Now, to reduce the amount of noise, let’s give those terms in parentheses names:

$A_{01} := v_{0y} - v_{1y}$
$B_{01} := v_{1x} - v_{0x}$
$C_{01} := v_{0x} v_{1y} - v_{0y} v_{1x}$

And if we split p into its x and y components, we get:

$F_{01}(p_x, p_y) = A_{01} p_x + B_{01} p_y + C_{01}$

Now, in every iteration of our inner loop, we move one pixel to the right, and for every scan line, we move one pixel up or down (depending on which way your y axis points – note I haven’t bothered to specify that yet!) from the start of the previous scan line. Both of these updates are really easy to perform since F₀₁ is an affine function and we’re stepping along the coordinate axes:

$F_{01}(p_x + 1, p_y) - F_{01}(p_x, p_y) = A_{01}$
$F_{01}(p_x, p_y + 1) - F_{01}(p_x, p_y) = B_{01}$

In words, if you go one step to the right, add A₀₁ to the edge equation. If you step down/up (whichever direction +y is in your coordinate system), add B₀₁. That’s it. That’s all there is to it.

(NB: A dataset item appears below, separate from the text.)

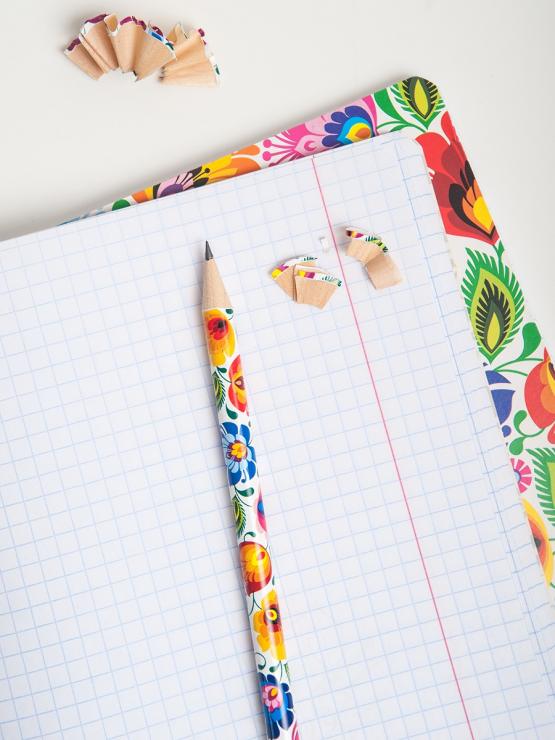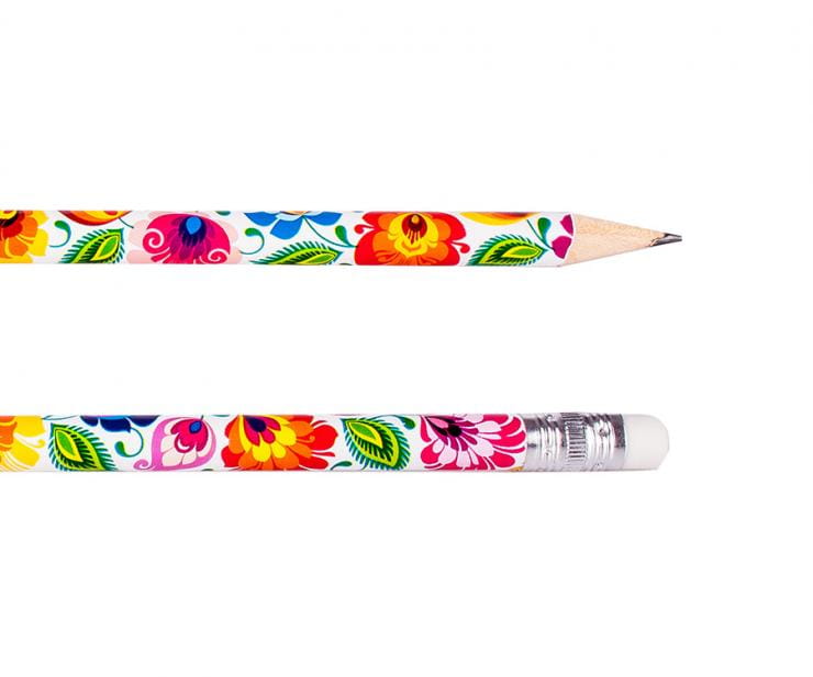 Biały folkowy ołówek ozdobiony kwiatami łowickimi to idealny prezent dla twojej pociechy. Wzór inspirowany jest najpopularniejszymi wycinankami ludowymi - łowickimi co sprawi, że w klasie wszyscy staną dęba. Nie tylko w klasie ale i w miejscu twojej pracy.

In our basic triangle rasterization loop, this turns into something like this: (I’ll keep using the original orient2d for the initial setup so we can see the similarity):

    // Bounding box and clipping as before
    // ...

    // Triangle setup
    int A01 = v0.y - v1.y, B01 = v1.x - v0.x;
    int A12 = v1.y - v2.y, B12 = v2.x - v1.x;
    int A20 = v2.y - v0.y, B20 = v0.x - v2.x;

    // Barycentric coordinates at minX/minY corner
    Point2D p = { minX, minY };
    int w0_row = orient2d(v1, v2, p);
    int w1_row = orient2d(v2, v0, p);
    int w2_row = orient2d(v0, v1, p);

    // Rasterize
    for (p.y = minY; p.y <= maxY; p.y++) {
        // Barycentric coordinates at start of row
        int w0 = w0_row;
        int w1 = w1_row;
        int w2 = w2_row;

        for (p.x = minX; p.x <= maxX; p.x++) {
            // If p is on or inside all edges, render pixel.
            if (w0 >= 0 && w1 >= 0 && w2 >= 0)
                renderPixel(p, w0, w1, w2);     

            // One step to the right
            w0 += A12;
            w1 += A20;
            w2 += A01;
        }

        // One row step
        w0_row += B12;
        w1_row += B20;
        w2_row += B01;
    }

And just like that, we’re down to three additions per pixel. Want proper fill rules? As we saw last time, we can do that using a single bias that we add to the edge functions, and we only have to add it once, at the start. Sub-pixel precision? Again, a bit more work during triangle setup, but the inner loop stays the same. Different pixel center? Turns out that’s just a bias applied once too. Want to sample at several locations within a pixel? That also turns into just another add and a sign test.

In fact, after triangle setup, it’s really mostly adds and sign tests no matter what we do. That’s why this is a popular algorithm for hardware implementation – you don’t even need to do the compare explicitly, you just use a bunch of adders and route the MSB (most significant bit) of the sum, which contains the sign bit, to whoever needs to know whether the pixel is in or not.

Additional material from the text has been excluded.